(EXERCISE INPUTS)
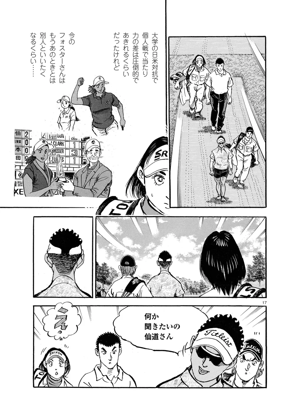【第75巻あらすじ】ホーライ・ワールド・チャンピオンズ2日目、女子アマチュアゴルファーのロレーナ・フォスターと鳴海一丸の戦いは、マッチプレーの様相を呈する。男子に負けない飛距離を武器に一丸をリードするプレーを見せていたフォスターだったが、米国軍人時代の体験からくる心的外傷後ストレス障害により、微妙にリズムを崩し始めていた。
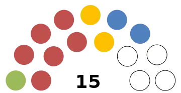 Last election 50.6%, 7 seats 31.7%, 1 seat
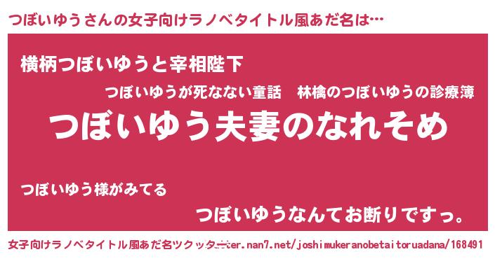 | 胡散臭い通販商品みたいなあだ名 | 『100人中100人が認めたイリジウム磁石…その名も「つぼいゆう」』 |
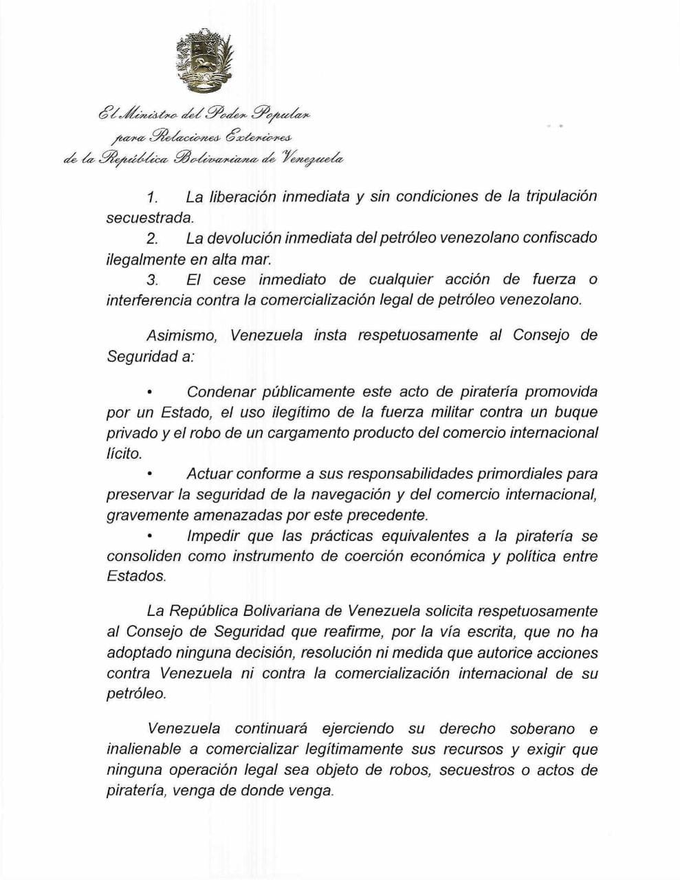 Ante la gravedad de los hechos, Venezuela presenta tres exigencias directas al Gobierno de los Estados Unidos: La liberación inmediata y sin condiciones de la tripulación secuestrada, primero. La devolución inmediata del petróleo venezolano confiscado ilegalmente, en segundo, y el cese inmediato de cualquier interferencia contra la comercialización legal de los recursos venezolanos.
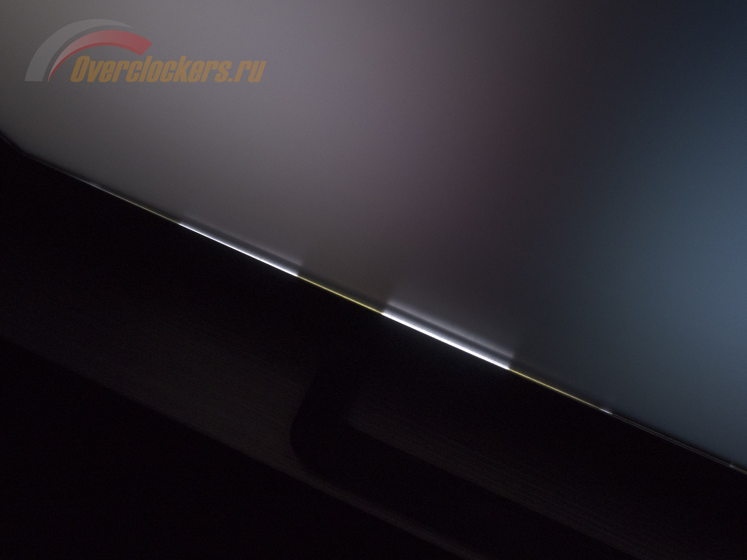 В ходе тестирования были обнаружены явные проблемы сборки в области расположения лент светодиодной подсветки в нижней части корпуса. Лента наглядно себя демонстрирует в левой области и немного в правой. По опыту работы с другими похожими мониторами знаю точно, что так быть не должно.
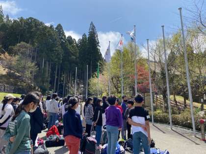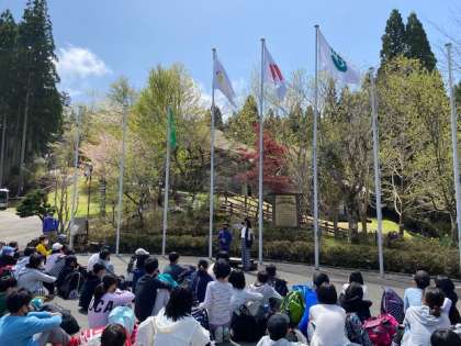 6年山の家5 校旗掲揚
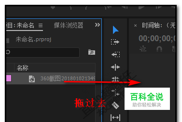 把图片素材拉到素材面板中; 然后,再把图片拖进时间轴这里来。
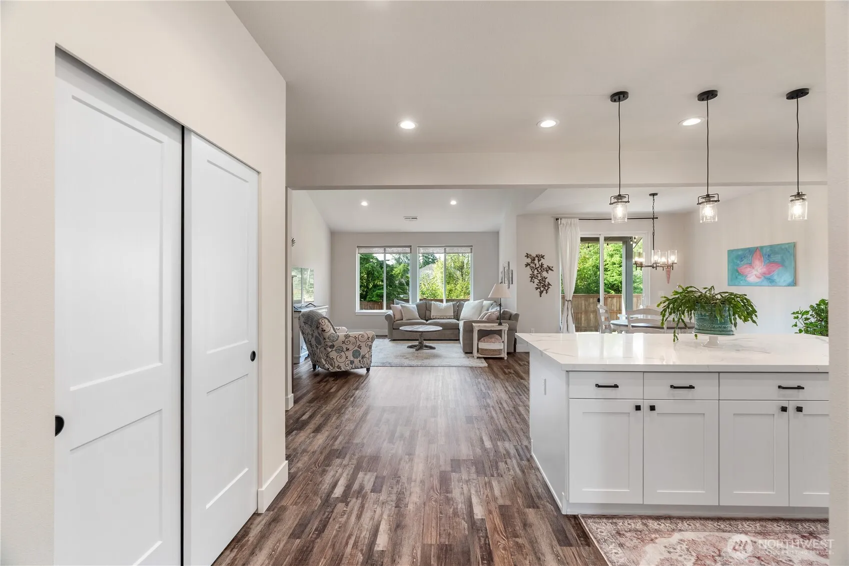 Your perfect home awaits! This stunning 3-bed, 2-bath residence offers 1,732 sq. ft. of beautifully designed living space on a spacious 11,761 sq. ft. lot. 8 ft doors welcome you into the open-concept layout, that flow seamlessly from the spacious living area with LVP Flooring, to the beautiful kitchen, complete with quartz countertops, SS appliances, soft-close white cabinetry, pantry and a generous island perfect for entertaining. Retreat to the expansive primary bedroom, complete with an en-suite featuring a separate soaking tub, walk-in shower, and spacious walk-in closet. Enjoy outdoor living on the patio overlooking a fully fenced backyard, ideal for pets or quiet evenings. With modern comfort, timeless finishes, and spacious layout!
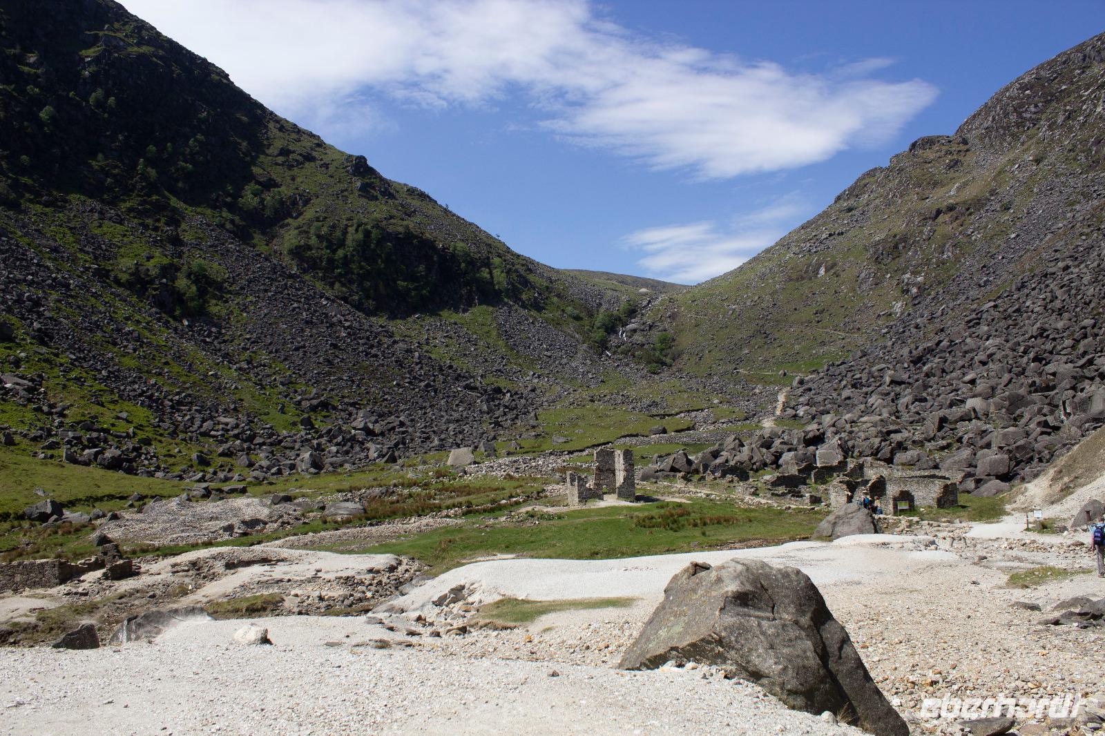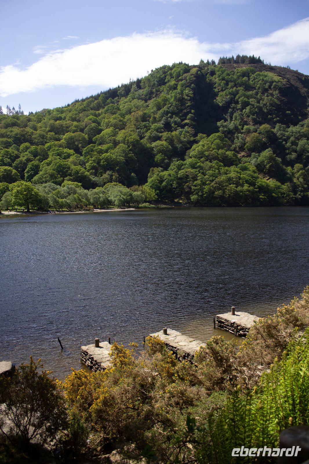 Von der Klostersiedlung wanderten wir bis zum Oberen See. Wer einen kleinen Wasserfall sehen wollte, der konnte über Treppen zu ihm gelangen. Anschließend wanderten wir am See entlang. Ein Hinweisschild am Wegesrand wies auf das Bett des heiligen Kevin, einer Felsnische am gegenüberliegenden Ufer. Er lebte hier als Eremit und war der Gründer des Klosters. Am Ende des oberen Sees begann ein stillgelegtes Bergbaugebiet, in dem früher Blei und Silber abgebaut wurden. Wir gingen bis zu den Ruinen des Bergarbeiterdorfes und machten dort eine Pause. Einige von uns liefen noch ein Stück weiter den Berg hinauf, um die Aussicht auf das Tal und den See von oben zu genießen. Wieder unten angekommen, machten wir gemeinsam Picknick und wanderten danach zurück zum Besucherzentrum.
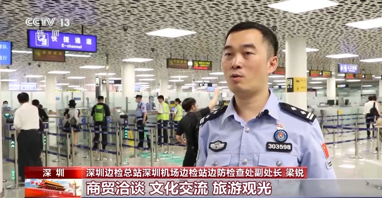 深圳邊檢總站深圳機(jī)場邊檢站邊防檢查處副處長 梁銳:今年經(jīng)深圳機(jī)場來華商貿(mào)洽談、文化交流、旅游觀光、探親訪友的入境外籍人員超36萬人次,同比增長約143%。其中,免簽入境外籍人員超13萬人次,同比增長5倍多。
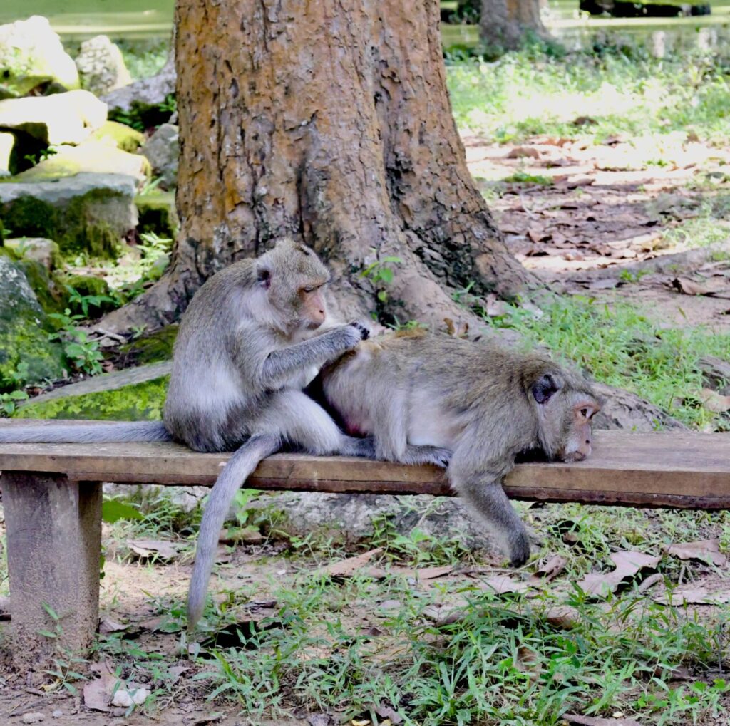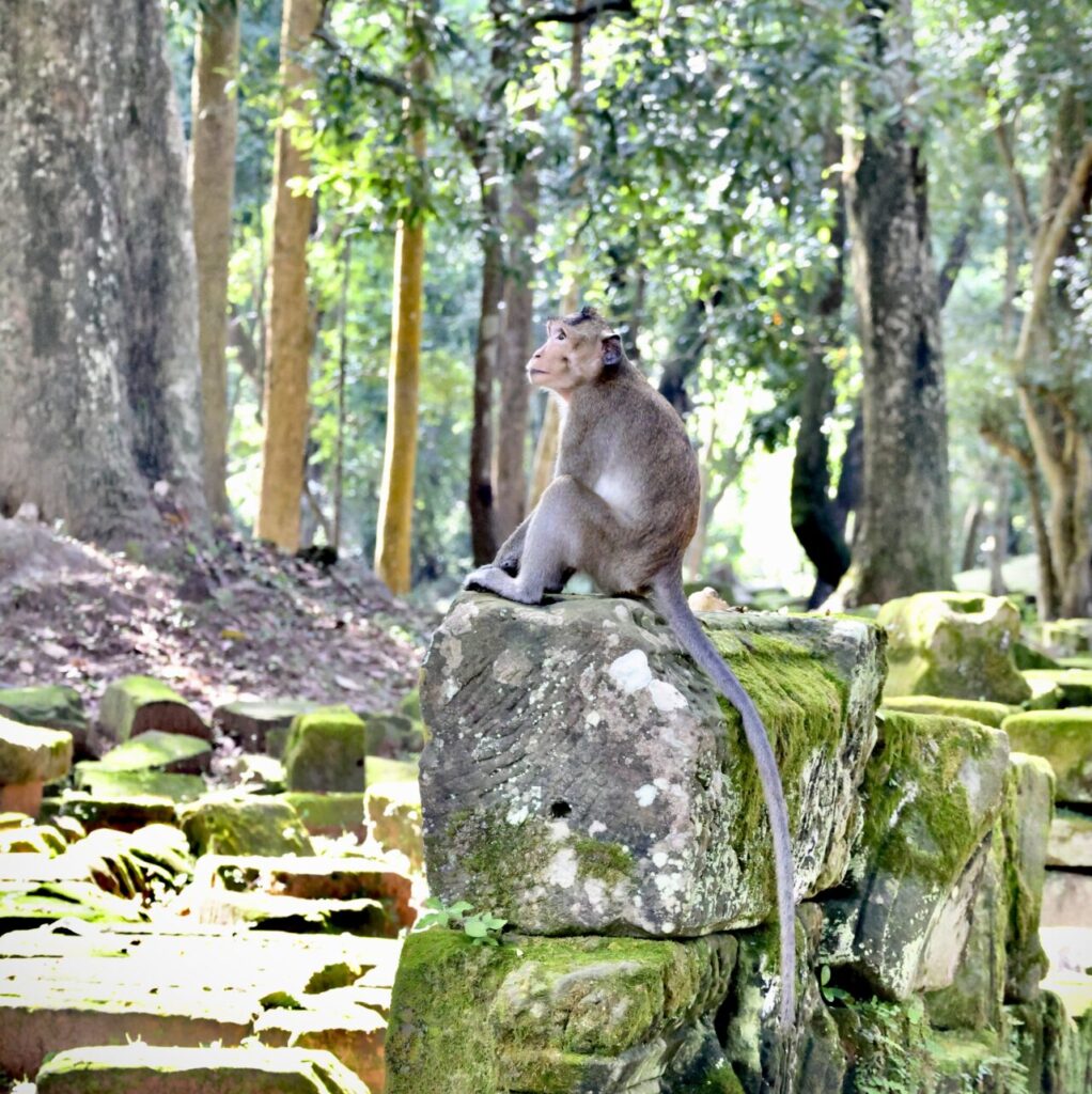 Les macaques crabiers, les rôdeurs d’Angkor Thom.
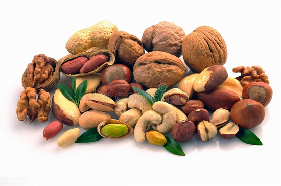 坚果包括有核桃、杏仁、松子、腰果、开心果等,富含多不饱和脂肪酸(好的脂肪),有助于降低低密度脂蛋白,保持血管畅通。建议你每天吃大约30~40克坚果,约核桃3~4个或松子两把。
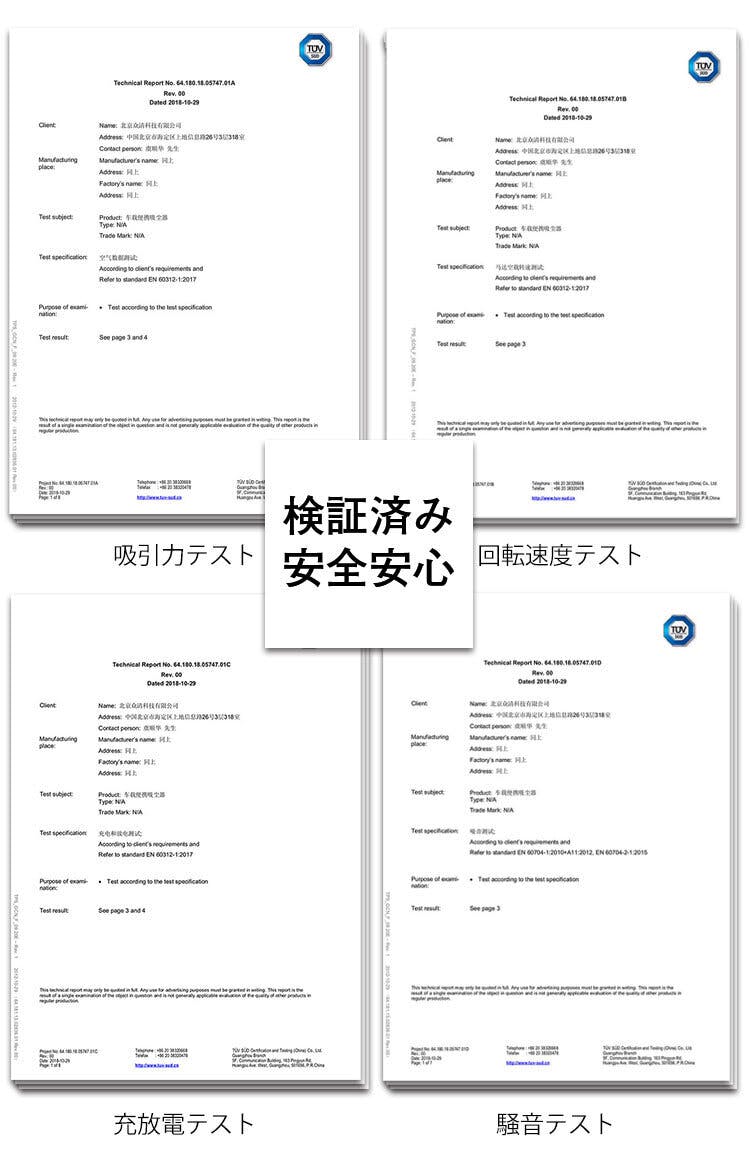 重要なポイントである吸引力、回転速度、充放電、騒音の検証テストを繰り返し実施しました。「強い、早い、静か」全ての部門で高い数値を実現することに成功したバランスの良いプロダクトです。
(End EXERCISE INPUTS)
▶ [TASK REQUIREMENTS]
Among the entries above, copy exactly the stretch from the line holding "Last election 50.6%, 7 seats 31.7%, 1 seat" through the line holding "把图片素材拉到素材面板中; 然后,再把图片拖进时间轴这里来。", leaving out any pictures.

▶ [SOLUTION TO THE PROBLEM]
 Last election 50.6%, 7 seats 31.7%, 1 seat
 | 胡散臭い通販商品みたいなあだ名 | 『100人中100人が認めたイリジウム磁石…その名も「つぼいゆう」』 |
 Ante la gravedad de los hechos, Venezuela presenta tres exigencias directas al Gobierno de los Estados Unidos: La liberación inmediata y sin condiciones de la tripulación secuestrada, primero. La devolución inmediata del petróleo venezolano confiscado ilegalmente, en segundo, y el cese inmediato de cualquier interferencia contra la comercialización legal de los recursos venezolanos.
 В ходе тестирования были обнаружены явные проблемы сборки в области расположения лент светодиодной подсветки в нижней части корпуса. Лента наглядно себя демонстрирует в левой области и немного в правой. По опыту работы с другими похожими мониторами знаю точно, что так быть не должно.
 6年山の家5 校旗掲揚
 把图片素材拉到素材面板中; 然后,再把图片拖进时间轴这里来。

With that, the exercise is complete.